On Sat, Apr 14, 2007 at 02:27:42PM -0700, Nickolai Zeldovich wrote:
> Composability may be a desirable property for any asynchronous OpenSSL
> interface. Currently, it's possible to run OpenSSL with other
> event-based libraries in the same thread, by calling select() on the
> union of file descriptors from all libraries.

Not really: right now, SSL can effectively block you for as long as it
likes and there's nothing you can do about it. This makes writing real
event-driven applications with OpenSSL a non-starter.

> One alternative would be to provide a function (say,
> SSL_select_prepare) that would be called before the application code
> calls select(), which would set the appropriate bits in the
> caller-supplied fd_sets for SSL connections of interest to the
> application.

This is a good idea.
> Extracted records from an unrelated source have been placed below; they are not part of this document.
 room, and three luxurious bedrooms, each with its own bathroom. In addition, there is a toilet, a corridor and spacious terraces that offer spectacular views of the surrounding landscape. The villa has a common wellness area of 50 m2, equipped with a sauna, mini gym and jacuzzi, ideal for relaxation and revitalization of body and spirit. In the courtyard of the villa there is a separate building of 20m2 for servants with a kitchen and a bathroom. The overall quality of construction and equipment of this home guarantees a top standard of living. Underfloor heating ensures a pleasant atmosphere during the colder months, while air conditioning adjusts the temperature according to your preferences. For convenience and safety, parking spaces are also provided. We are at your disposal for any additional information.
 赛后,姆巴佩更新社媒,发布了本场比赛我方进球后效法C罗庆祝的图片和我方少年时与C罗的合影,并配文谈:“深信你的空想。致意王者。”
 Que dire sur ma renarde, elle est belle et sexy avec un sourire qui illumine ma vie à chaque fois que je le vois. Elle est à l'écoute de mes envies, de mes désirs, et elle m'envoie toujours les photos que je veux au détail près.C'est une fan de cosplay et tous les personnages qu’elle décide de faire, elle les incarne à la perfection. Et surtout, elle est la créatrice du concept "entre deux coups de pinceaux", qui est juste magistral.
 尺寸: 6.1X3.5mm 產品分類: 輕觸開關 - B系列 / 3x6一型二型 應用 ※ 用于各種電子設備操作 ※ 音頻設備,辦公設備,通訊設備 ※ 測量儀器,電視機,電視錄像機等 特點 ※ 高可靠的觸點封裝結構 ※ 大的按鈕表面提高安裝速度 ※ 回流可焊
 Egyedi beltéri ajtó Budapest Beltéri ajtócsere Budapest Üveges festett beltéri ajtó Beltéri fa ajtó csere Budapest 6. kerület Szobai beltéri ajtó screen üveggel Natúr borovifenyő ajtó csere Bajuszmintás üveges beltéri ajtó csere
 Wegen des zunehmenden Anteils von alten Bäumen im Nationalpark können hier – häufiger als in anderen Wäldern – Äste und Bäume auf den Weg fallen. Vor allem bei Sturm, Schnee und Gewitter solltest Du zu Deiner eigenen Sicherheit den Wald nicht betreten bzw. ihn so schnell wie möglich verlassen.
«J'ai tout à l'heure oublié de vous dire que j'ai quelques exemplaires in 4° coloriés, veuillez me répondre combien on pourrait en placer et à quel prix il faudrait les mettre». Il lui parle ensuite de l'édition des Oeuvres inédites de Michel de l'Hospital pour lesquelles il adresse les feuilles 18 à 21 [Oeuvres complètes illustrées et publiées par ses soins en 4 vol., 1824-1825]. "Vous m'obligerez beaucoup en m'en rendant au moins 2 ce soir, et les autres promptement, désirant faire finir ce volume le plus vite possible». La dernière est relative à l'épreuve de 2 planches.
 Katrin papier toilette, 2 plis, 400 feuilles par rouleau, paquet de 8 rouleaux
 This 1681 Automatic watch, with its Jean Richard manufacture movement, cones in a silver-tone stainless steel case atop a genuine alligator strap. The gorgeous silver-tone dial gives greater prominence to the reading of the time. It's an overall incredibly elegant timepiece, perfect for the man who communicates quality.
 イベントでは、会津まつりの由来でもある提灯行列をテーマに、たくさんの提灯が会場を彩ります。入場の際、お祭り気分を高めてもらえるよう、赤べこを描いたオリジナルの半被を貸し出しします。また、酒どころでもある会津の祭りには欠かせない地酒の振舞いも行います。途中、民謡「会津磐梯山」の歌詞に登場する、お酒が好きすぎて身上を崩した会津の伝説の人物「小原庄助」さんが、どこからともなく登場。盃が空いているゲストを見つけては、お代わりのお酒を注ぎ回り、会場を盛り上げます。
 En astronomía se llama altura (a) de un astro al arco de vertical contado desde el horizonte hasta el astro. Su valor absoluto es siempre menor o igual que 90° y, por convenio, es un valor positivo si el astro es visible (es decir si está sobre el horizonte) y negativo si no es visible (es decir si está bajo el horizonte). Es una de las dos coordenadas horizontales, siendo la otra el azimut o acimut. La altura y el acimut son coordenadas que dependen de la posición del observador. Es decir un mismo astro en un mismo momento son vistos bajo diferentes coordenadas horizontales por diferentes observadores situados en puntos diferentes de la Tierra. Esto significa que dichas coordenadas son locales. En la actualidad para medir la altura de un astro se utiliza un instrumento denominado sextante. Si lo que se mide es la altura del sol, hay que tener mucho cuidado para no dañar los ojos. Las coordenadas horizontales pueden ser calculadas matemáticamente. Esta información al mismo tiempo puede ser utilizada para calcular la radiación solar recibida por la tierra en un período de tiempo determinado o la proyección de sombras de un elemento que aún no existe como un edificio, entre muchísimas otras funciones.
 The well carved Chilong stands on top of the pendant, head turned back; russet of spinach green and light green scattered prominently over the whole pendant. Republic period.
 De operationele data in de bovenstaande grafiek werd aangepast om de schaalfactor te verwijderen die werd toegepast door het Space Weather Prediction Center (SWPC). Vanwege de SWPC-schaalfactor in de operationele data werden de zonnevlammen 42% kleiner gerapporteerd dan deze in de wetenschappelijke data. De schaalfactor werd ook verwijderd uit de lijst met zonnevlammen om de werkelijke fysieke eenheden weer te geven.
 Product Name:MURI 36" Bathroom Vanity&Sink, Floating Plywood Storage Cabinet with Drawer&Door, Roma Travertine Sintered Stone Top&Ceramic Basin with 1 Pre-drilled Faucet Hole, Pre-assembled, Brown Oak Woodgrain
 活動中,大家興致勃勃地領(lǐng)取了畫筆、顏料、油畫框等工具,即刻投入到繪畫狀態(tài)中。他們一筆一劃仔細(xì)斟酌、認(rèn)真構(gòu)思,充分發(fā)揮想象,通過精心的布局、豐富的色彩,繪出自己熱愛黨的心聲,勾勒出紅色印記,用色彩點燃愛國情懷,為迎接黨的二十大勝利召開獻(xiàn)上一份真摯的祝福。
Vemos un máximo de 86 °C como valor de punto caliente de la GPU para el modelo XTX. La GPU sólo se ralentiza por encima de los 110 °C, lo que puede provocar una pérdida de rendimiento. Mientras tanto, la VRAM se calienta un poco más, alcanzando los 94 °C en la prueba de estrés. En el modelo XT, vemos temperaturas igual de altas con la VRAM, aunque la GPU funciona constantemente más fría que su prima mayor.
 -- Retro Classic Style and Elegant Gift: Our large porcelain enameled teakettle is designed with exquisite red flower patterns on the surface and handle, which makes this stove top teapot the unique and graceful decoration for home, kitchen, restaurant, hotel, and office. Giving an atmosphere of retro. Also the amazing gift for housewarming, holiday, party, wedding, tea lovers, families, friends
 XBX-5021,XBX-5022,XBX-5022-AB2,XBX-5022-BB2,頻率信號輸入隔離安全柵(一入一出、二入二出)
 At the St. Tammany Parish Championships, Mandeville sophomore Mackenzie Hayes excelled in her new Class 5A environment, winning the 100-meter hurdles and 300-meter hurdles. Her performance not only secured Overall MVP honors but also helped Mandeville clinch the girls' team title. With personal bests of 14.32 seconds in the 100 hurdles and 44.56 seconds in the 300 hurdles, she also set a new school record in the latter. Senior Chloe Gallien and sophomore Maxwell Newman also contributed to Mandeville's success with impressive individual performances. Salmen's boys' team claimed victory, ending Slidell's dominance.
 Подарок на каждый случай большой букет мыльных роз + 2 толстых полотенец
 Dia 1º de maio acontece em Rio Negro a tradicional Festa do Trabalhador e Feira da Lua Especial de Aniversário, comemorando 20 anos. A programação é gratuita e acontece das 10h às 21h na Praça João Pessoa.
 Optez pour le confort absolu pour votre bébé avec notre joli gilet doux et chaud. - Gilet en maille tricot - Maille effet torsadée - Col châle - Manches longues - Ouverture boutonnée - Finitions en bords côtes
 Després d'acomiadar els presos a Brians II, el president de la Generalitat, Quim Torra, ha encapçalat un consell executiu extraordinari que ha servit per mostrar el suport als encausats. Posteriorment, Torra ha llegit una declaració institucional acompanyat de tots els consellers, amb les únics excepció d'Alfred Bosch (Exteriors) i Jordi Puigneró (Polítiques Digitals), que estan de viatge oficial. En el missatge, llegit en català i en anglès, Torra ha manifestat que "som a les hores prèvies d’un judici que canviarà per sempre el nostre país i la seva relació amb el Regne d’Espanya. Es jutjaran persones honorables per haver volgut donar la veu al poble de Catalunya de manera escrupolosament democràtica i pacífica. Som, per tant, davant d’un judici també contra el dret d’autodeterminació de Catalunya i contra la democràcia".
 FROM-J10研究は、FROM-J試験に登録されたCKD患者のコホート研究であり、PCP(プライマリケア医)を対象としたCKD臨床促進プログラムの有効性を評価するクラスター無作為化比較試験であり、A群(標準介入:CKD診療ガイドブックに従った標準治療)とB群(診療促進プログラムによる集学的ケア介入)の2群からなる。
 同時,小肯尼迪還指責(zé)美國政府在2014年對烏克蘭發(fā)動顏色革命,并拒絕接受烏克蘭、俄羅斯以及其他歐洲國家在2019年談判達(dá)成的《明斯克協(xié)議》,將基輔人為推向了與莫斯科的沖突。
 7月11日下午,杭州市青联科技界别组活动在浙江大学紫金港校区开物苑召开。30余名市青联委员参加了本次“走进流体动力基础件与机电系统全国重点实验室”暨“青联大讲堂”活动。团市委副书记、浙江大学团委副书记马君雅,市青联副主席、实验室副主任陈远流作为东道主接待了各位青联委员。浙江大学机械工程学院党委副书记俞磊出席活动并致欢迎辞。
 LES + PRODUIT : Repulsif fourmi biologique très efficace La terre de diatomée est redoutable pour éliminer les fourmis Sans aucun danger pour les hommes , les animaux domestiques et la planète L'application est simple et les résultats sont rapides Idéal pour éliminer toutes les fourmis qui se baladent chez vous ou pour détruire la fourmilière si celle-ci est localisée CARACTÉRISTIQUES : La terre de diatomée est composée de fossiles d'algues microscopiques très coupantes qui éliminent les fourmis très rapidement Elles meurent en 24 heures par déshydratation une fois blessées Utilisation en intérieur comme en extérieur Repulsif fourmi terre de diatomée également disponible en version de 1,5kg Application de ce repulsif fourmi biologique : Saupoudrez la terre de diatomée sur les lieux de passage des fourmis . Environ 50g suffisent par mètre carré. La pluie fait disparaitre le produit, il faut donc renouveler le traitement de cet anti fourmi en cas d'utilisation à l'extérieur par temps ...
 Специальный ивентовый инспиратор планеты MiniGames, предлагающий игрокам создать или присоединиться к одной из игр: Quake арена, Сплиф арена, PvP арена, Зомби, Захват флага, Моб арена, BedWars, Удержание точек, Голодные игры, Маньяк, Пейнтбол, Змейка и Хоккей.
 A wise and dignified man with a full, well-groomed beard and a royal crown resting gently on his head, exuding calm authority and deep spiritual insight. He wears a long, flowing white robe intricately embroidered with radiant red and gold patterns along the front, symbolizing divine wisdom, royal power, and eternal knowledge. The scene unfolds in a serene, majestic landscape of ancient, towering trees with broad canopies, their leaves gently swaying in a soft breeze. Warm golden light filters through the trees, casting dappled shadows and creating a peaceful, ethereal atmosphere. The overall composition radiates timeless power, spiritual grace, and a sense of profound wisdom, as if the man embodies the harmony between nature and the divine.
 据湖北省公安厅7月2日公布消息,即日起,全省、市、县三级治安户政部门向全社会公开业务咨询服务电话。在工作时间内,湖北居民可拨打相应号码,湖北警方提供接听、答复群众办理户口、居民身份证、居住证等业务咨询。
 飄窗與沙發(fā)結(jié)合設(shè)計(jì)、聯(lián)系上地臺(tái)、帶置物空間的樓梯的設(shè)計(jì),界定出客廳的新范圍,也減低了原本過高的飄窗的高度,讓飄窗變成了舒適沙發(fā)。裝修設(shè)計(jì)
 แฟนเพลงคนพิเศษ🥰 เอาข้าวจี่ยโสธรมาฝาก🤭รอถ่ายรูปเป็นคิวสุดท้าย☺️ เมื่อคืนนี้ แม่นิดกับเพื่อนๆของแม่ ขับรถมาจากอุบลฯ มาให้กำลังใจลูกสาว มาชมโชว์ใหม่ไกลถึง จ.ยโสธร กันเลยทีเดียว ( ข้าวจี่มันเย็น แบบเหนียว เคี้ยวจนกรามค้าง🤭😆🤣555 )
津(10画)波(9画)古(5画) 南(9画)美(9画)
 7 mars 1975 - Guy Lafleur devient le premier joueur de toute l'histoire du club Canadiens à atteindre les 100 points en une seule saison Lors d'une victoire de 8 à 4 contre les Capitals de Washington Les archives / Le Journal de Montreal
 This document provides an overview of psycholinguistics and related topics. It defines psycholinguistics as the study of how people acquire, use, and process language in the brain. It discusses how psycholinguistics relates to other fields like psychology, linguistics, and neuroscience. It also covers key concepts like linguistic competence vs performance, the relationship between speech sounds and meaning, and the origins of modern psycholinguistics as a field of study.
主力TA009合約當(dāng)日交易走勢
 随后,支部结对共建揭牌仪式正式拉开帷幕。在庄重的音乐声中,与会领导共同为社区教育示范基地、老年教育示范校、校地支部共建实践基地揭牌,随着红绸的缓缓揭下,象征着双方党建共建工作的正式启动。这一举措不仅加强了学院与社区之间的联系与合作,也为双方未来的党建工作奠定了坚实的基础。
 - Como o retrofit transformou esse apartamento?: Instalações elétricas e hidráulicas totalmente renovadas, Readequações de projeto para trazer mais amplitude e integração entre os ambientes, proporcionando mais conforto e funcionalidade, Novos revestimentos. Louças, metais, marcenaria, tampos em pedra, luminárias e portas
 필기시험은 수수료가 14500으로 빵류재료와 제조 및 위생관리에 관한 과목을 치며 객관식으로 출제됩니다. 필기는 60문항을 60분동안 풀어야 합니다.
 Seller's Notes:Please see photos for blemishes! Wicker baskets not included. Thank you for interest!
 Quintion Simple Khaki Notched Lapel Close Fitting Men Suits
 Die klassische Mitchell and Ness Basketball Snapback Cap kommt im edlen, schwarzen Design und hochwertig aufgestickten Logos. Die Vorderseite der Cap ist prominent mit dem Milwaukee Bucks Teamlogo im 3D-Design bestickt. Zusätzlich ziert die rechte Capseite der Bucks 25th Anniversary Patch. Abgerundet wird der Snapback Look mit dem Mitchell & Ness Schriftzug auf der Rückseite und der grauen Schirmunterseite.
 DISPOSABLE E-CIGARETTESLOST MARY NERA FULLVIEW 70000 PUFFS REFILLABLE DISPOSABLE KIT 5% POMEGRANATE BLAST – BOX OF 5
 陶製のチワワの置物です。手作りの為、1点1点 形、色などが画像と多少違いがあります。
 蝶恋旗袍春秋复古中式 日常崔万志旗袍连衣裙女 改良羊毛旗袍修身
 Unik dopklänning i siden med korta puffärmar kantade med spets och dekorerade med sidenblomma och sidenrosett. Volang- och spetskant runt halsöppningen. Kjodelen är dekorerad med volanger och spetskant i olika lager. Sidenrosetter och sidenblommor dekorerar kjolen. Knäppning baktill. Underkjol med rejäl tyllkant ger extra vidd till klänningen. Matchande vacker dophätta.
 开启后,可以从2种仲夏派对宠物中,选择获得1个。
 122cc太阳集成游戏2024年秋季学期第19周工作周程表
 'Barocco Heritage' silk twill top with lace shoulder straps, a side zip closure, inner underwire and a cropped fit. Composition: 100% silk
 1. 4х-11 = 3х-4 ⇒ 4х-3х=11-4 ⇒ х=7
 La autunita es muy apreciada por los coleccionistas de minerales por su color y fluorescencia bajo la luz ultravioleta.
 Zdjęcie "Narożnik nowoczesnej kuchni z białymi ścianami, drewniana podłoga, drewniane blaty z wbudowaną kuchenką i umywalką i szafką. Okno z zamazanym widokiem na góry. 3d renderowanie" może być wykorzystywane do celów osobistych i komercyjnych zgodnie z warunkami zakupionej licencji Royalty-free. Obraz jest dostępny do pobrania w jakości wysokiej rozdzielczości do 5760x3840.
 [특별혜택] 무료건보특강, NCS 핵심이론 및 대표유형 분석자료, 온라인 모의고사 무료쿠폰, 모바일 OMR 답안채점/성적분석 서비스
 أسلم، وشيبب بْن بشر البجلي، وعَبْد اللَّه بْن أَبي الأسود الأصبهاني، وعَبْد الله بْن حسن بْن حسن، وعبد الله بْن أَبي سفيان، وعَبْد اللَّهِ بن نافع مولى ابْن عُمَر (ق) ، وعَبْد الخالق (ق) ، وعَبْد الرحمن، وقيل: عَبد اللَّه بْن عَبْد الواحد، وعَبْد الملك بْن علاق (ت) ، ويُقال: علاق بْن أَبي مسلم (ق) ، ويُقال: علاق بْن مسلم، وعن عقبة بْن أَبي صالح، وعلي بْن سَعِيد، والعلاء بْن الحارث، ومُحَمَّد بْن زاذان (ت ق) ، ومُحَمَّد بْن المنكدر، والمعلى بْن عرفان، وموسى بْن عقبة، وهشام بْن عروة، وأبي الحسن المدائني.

But what if what SSL actually needs to do in order
to wait on the fds you're interested in, plus the cryptographic operations
for your SSL contexts, is considerably more than just adding fds to a
select set? For example, in the vendor-supplied code I maintain, the only
really practical way to wait on all the right things efficiently will be
to transform the supplied select set or pollfds into a kevent structure,
add a number of kevent elements specific to the hardware device, and wait
for notifications. I could massage the underlying code to wait
on the device's fd with poll() instead, but then I would still need to do
a second system call to get cryptographic results, then handle them
internally, before I could guarantee that a user's SSL_read() or _write()
would actually return useful results.

Basically, to run efficiently with hardware crypto, you really want the
call that waits on events to happen _in_ OpenSSL. If you just cause
stuff to be added to the application's wait set and let it do the waiting
call, you can't actually consume crypto-done and return control to the
application in an efficient way. And consumers of this interface likely
really, really care about efficiency, since if they were willing to take
the hit associated with context-switches for threading (15% on my device
at saturation with 4K SSL connections) they'd just avoid the issue by
using threads. :-/

Still, right now there is _no_ way to do this. Anything reasonably
clean, it seems to be, is better than that!